And yet Marines are in every Starter. Oh wait, it's targeted at people with no models at all, not the most that do... I still want them though. I don't think I've ever maxed out on any of the models beyond the bikes I have and I already have versions of all the HQs, but I just like the models anyway.

Mostly I'm just happy they exist, because if these look the way they do then it seems like the chance of real DA models accompanying the codex are above zero.


----------



## pb97613

SilverTabby said:


> There is no difference listed. The standard box is going to come with the chaplain as long as stocks last. They don't specify two different boxes.
> 
> Get them early is what they're saying...


So if the Chaplin comes in both versions, what's the difference between standard box and the special edition box set? I thought the difference would have been the Chaplin


----------



## Fallen DA

texcuda said:


> Tis O'k, we evened the score in WWII, saving the Brits and the French while putting down Japan at the same time. We even let the Germans have a head start just to prove we could do it. (J/K but kinda true)


Mate. You stink of ignorance. Go learn your history before preaching crap to the rest of the forum. Until then, BORE OFF....:wink:

Love the models in the starter set....


----------



## SilverTabby

pb97613 said:


> So if the Chaplin comes in both versions, what's the difference between standard box and the special edition box set? I thought the difference would have been the Chaplin


There is no "both versions".

Initially, the starter set will have a chaplain in it. Later runs of the box won't. Whilst this initial run is in stock, you'll get a bonus chaplain. When this print run runs out, the box will revert to being what will be standard, and chaplainless.


----------



## Heechee

Achaylus72 said:


> Just looked at other threads and other sites now i can calculate the Australian prices for Dark Vengeance.
> 
> Special Limited Edition will cost $200.00 Australian Dollars ($208.00 USD or 138.40 British Pounds)
> Normal version will cost $185.00 Australian Dollars ($193.00 USD or 122.50 British Pounds)


FWIW, Vagabond in Auckland have the limited edition set up at NZ$170


----------



## SilverTabby

@achaylus 72 - there is no seperate limited edition. Dark Vengeance has one box, and one price. The chaplain will be in it til this run runs out or they simply decide to stop adding him.


----------



## bitsandkits

@silver tabby,got told by a birdy that indies were getting the unlimited version from the off,so we willl have to see wonder if we will see a free model for wd buyers this time ?


----------



## Words_of_Truth

Hmm, all this heresy stuff has got me second guessing whether I should really get this or not.


----------



## Jacobite

Anybody else see the pictures on "Whats New Today"?

The multi=part sprues for some of the DA's are shown and it seems to be getting easier and easier to use these guys for conversions it really does!

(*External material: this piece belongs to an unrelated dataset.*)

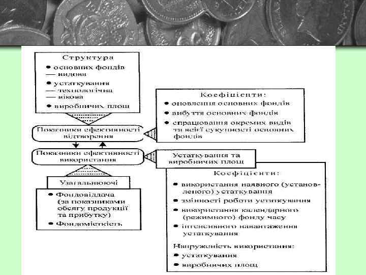 Видова (технологічна) структура основних засобів – співвідношення окремих видів (груп) основних засобів, виражене у відсотках до їхньої загальної вартості на підприємств. Вона змінюється під впливом факторів: v виробничо-технологічні особливості підприємства; v науково-технічний прогрес і зумовлений ним технічний рівень виробництва; v ступінь розвитку різних форм організації виробництва; v відтворювальна replicable reproducing структура капітальних вкладень у створення нових основних засобів; v вартість будівництва виробничих об'єктів і рівень цін на технологічне устаткування; v територіальне розміщення підприємства.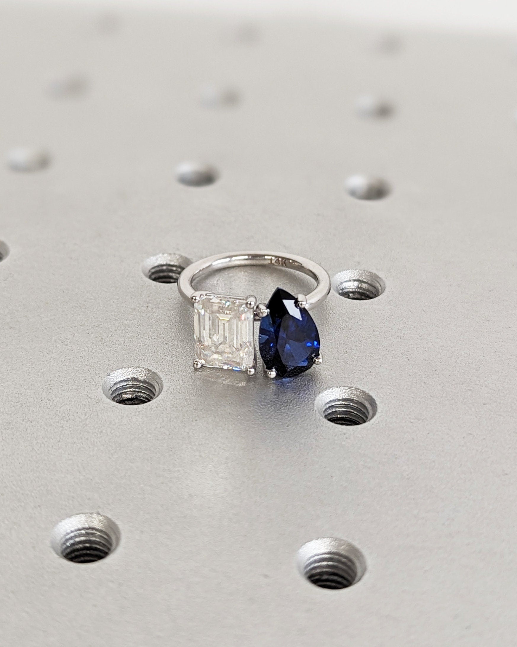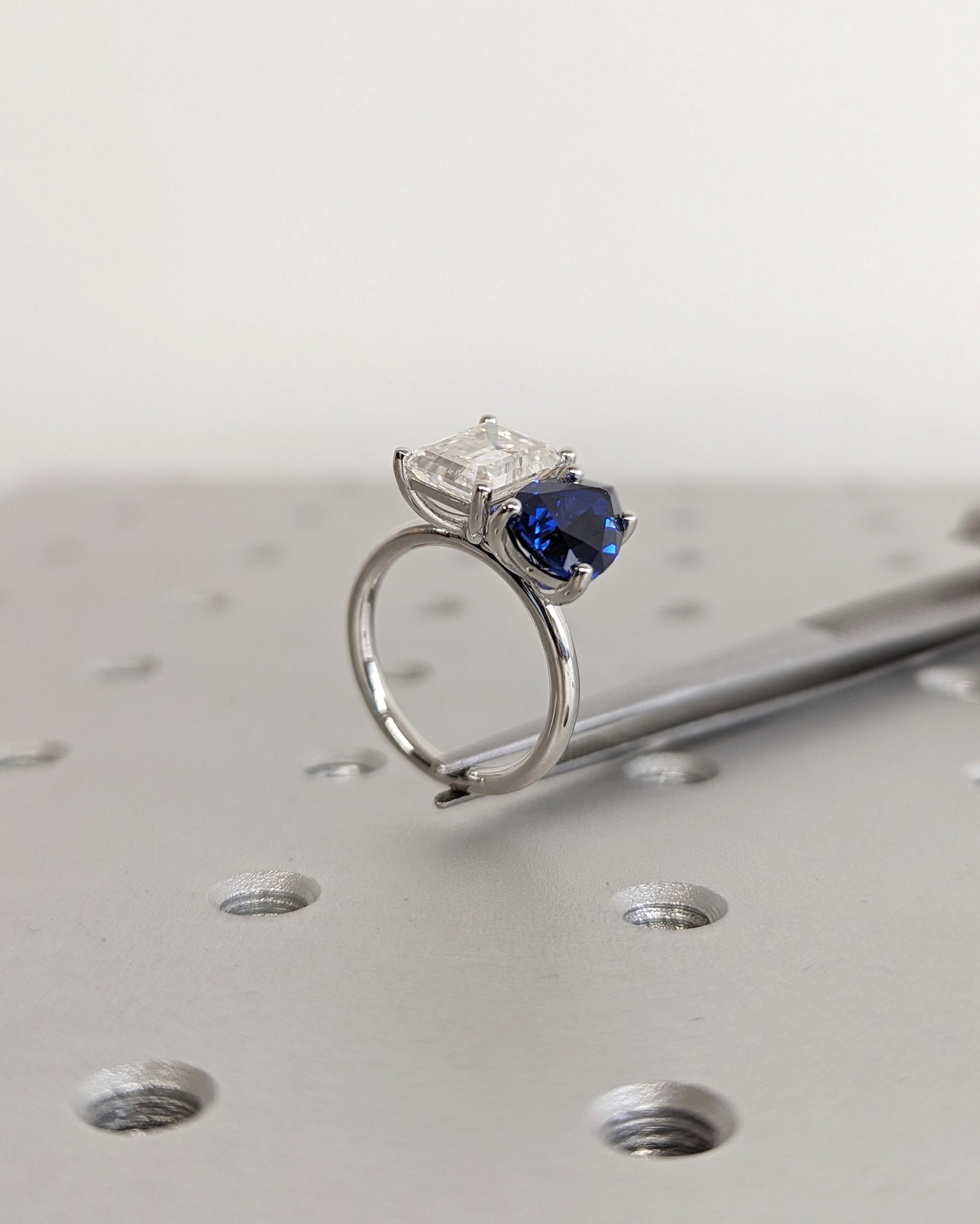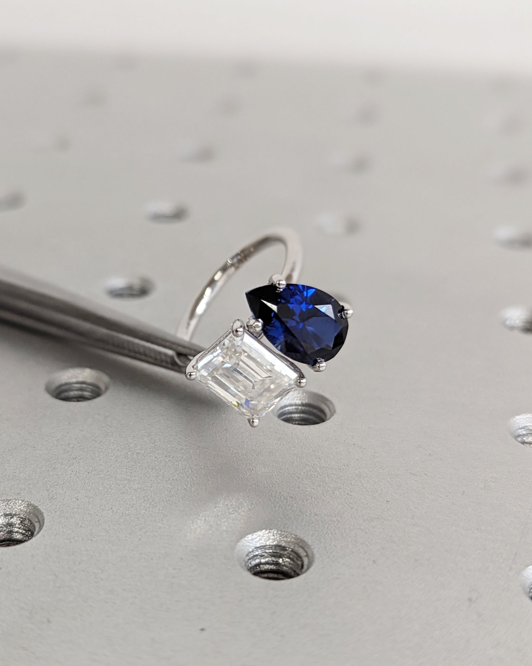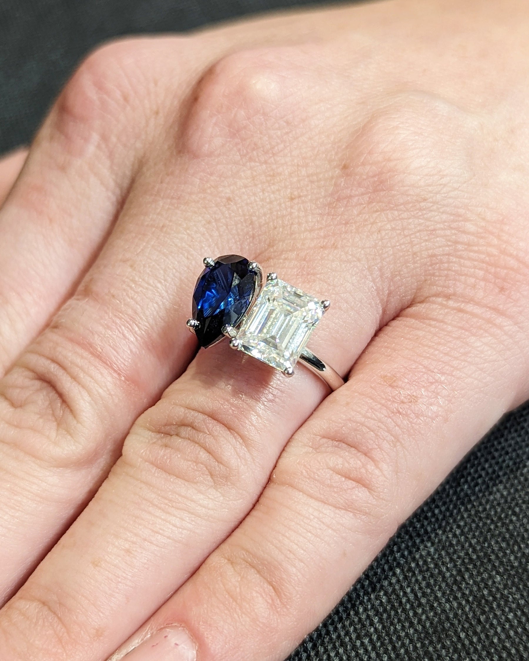 2.50CT Trellis Double Stone Engagement Ring Pear Cut Blue Sapphire & Emerald Cut Lab Diamond Two Stone Engagement Ring

The face the winged helmet for the captain is seperate just fucking rocks for DA/BA players. The only problem is that I've basically planned out and finished my BA force. Time to go and see where I can fit it in!


----------



## kickboxerdog

i know most people are super hyped about the new chaos models in the box set, me i like them but i much rather like the new dark angels models the captain and libby are fantastic and i cant wait to add them to lead my force, but i also love the deathwing models and will be really nice to add some nice variety to my terminators, but also them raven wing bikes look brilliant, ive ordered the box set but also from our friendly bits provider( thanks bits and kits) ive ordered 2 more bike sets to convert and have a few more squads of them.


----------



## bitsandkits

Just looking at the hellbrute, i have been racking my brains trying to think what it reminds me of, then it dawned on me this morning, the original chaos dreadnought, which was much more organic than the box on legs we have now! i will try find a photo of it or if someone else has one to show us that would be cool.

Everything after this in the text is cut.